Salmo responsorial: 144

 

R/. Que tus fieles, Señor, proclamen la gloria de tu reinado.

 

Que todas tus criaturas te den gracias, Señor, que te bendigan tus fieles; que proclamen la gloria de tu reinado, que hablen de tus hazañas.

Explicando tus hazañas a los hombres, la gloria y majestad de tu reinado. Tu reinado es un reinado perpetuo, tu gobierno va de edad en edad.

El Señor es justo en todos sus caminos, es bondadoso en todas sus acciones; cerca está el Señor de los que lo invocan, de los que lo invocan sinceramente.

 

Versículo antes del Evangelio (Jn 15,16):

Aleluya. Yo os he elegido del mundo, dice el Señor, para que vayáis y deis fruto y vuestro fruto permanezca. Aleluya.

 

Texto del Evangelio (Lc 10,1-9):

 

En aquel tiempo, el Señor designó a otros setenta y dos, y los envió de dos en dos delante de sí, a todas las ciudades y sitios a donde él había de ir. Y les dijo: «La mies es mucha, y los obreros pocos. Rogad, pues, al dueño de la mies que envíe obreros a su mies. Id; mirad que os envío como corderos en medio de lobos. No llevéis bolsa, ni alforja, ni sandalias. Y no saludéis a nadie en el camino.

»En la casa en que entréis, decid primero: ‘Paz a esta casa’. Y si hubiere allí un hijo de paz, vuestra paz reposará sobre él; si no, se volverá a vosotros. Permaneced en la misma casa, comiendo y bebiendo lo que tengan, porque el obrero merece su salario. No vayáis de casa en casa. En la ciudad en que entréis y os reciban, comed lo que os pongan; curad los enfermos que haya en ella, y decidles: ‘El Reino de Dios está cerca de vosotros’».

 

Comentario

 

Hoy, en la fiesta de san Lucas —el Evangelista de la mansedumbre de Cristo—, la Iglesia proclama este Evangelio en el que se presentan las características centrales del apóstol de Cristo.

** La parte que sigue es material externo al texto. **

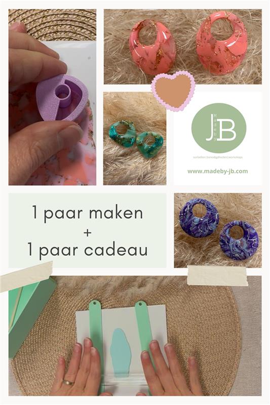Terwijl je creatie in de oven uithardt, mag je ook een extra paar uit onze collectie uitzoeken. Zo ga je naar huis met 2 paar oorbellen.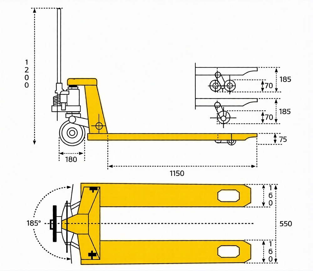 Высота подъема вил 185 мм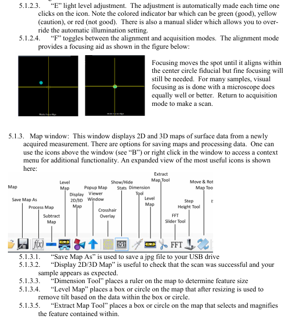 The Map Window displays 2D/3D surface data maps and supports data saving, tilt correction, and area enlargement. Common icons include "Save Map As", "Level Map", and "Dimension Tool"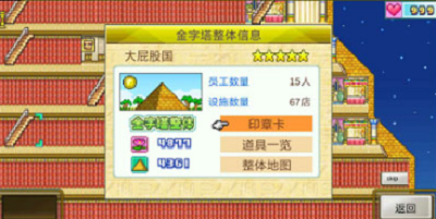 您可以查看金字塔的设施树、员工数量、魅力值和金字塔力量。
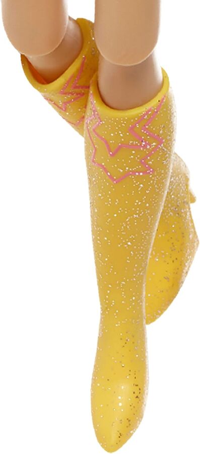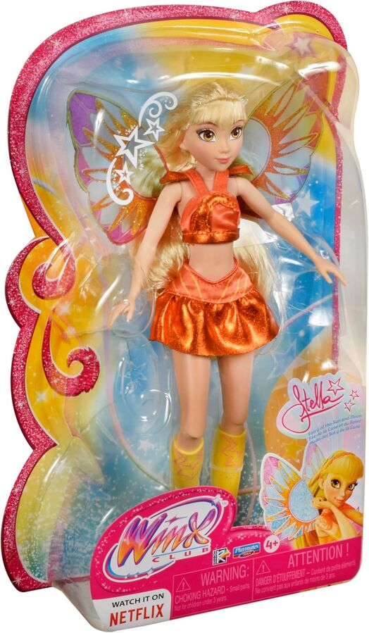 This bold and beautiful doll features Stella in a vibrant orange two-piece outfit with a shimmering skirt and sun-inspired details. Her golden yellow boots, glittery wings, and long flowing blonde hair complete her sunny, confident look, perfect for brightening any fairy collection.

El apóstol es, en primer lugar, el que ha sido llamado por el Señor, designado por Él mismo, con vistas a ser enviado en su nombre: ¡es Jesús quien llama a quien quiere para confiarle una misión concreta! «El Señor designó a otros setenta y dos, y los envió de dos en dos delante de sí, a todas las ciudades y sitios a donde él había de ir» (Lc 10,1).

El apóstol, pues, por haber sido llamado por el Señor, es, además, aquel que depende totalmente de Él. «No llevéis bolsa, ni alforja, ni sandalias. Y no saludéis a nadie en el camino» (Lc 10,4). Esta prohibición de Jesús a sus discípulos indica, sobre todo, que ellos han de dejar en sus manos aquello que es más esencial para vivir: el Señor, que viste los lirios de los campos y da alimento a los pájaros, quiere que su discípulo busque, en primer lugar, el Reino del cielo y no, en cambio, «qué comer ni qué beber, y [que] no estéis inquietos. [Porque] por todas esas cosas se afanan los gentiles del mundo; y ya sabe vuestro Padre que tenéis la necesidad de eso» (Lc 12,29-30).

El apóstol es, además, quien prepara el camino del Señor, anunciando su paz, curando a los enfermos y manifestando, así, la venida del Reino. La tarea del apóstol es, pues, central en y para la vida de la Iglesia, porque de ella depende la futura acogida al Maestro entre los hombres.

El mejor testimonio que nos puede ofrecer la fiesta de un Evangelista, de uno que ha narrado el anuncio de la Buena Nueva, es el de hacernos más conscientes de la dimensión apostólico-evangelizadora de nuestra vida cristiana.

 

Fray Lluc TORCAL Monje del Monasterio de Sta. Mª de Poblet (Santa Maria de Poblet, Tarragona, España)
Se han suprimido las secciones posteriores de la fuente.